*** Opening of THE DATA ***

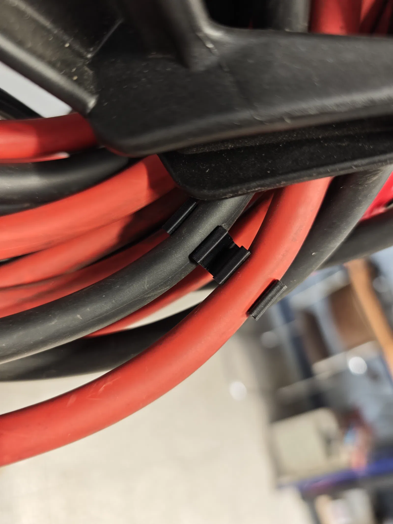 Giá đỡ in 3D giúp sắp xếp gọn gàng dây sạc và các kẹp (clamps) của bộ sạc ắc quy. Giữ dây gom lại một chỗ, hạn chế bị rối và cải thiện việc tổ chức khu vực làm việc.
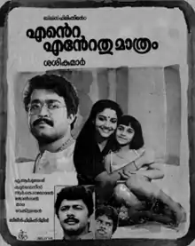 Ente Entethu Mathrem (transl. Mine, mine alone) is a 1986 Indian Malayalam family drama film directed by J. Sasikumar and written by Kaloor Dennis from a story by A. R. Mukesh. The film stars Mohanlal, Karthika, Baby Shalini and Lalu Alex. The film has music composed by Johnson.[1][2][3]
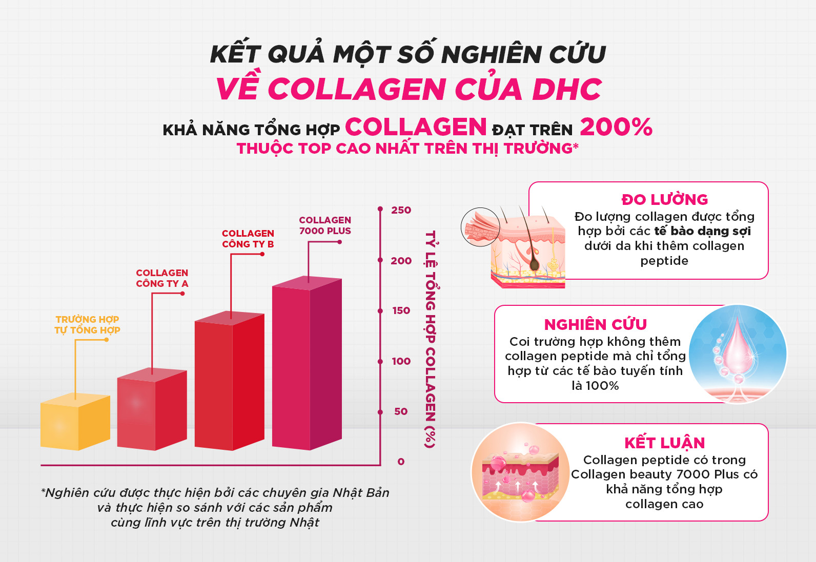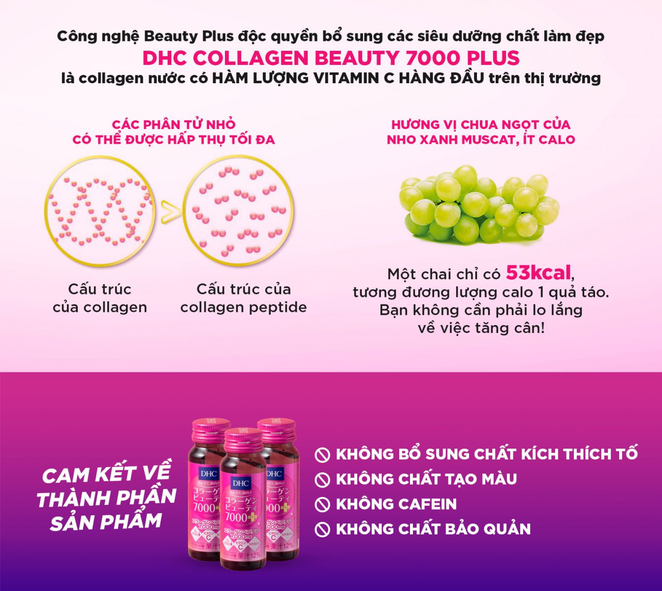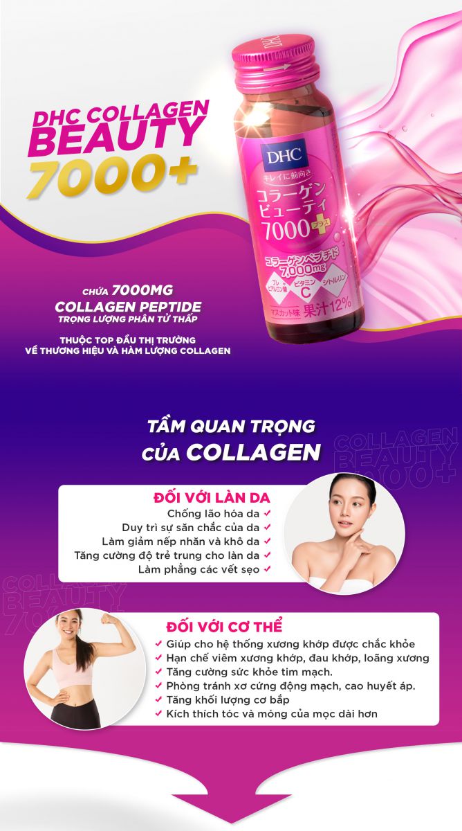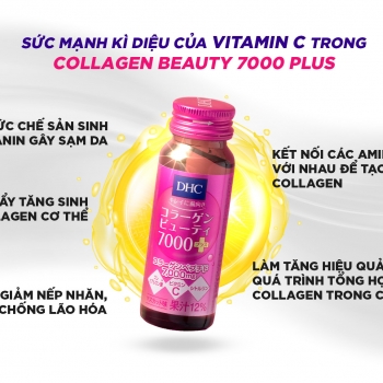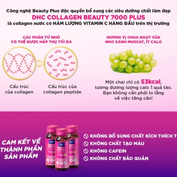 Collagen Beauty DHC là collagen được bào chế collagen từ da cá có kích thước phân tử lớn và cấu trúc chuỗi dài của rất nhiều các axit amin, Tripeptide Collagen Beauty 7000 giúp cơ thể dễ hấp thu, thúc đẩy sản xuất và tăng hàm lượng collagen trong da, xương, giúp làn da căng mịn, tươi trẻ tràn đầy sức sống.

*** Close of THE DATA ***
*** Opening of THE DATA ***

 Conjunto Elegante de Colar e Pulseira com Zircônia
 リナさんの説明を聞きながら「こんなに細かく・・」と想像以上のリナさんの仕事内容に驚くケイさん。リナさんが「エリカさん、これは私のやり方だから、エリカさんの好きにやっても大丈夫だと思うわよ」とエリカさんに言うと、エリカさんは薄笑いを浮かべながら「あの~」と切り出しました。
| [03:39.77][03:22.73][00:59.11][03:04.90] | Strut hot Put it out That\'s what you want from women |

*** Close of THE DATA ***

* _WORK REQUIRED_: Among the records above, locate the line containing "Giá đỡ in 3D" and the line containing "Collagen Beauty DHC", then transcribe exactly the lines starting at the first and ending at the second, with no pictures.

* _WRITTEN ANSWER_:
 Giá đỡ in 3D giúp sắp xếp gọn gàng dây sạc và các kẹp (clamps) của bộ sạc ắc quy. Giữ dây gom lại một chỗ, hạn chế bị rối và cải thiện việc tổ chức khu vực làm việc.
 Ente Entethu Mathrem (transl. Mine, mine alone) is a 1986 Indian Malayalam family drama film directed by J. Sasikumar and written by Kaloor Dennis from a story by A. R. Mukesh. The film stars Mohanlal, Karthika, Baby Shalini and Lalu Alex. The film has music composed by Johnson.[1][2][3]
 Collagen Beauty DHC là collagen được bào chế collagen từ da cá có kích thước phân tử lớn và cấu trúc chuỗi dài của rất nhiều các axit amin, Tripeptide Collagen Beauty 7000 giúp cơ thể dễ hấp thu, thúc đẩy sản xuất và tăng hàm lượng collagen trong da, xương, giúp làn da căng mịn, tươi trẻ tràn đầy sức sống.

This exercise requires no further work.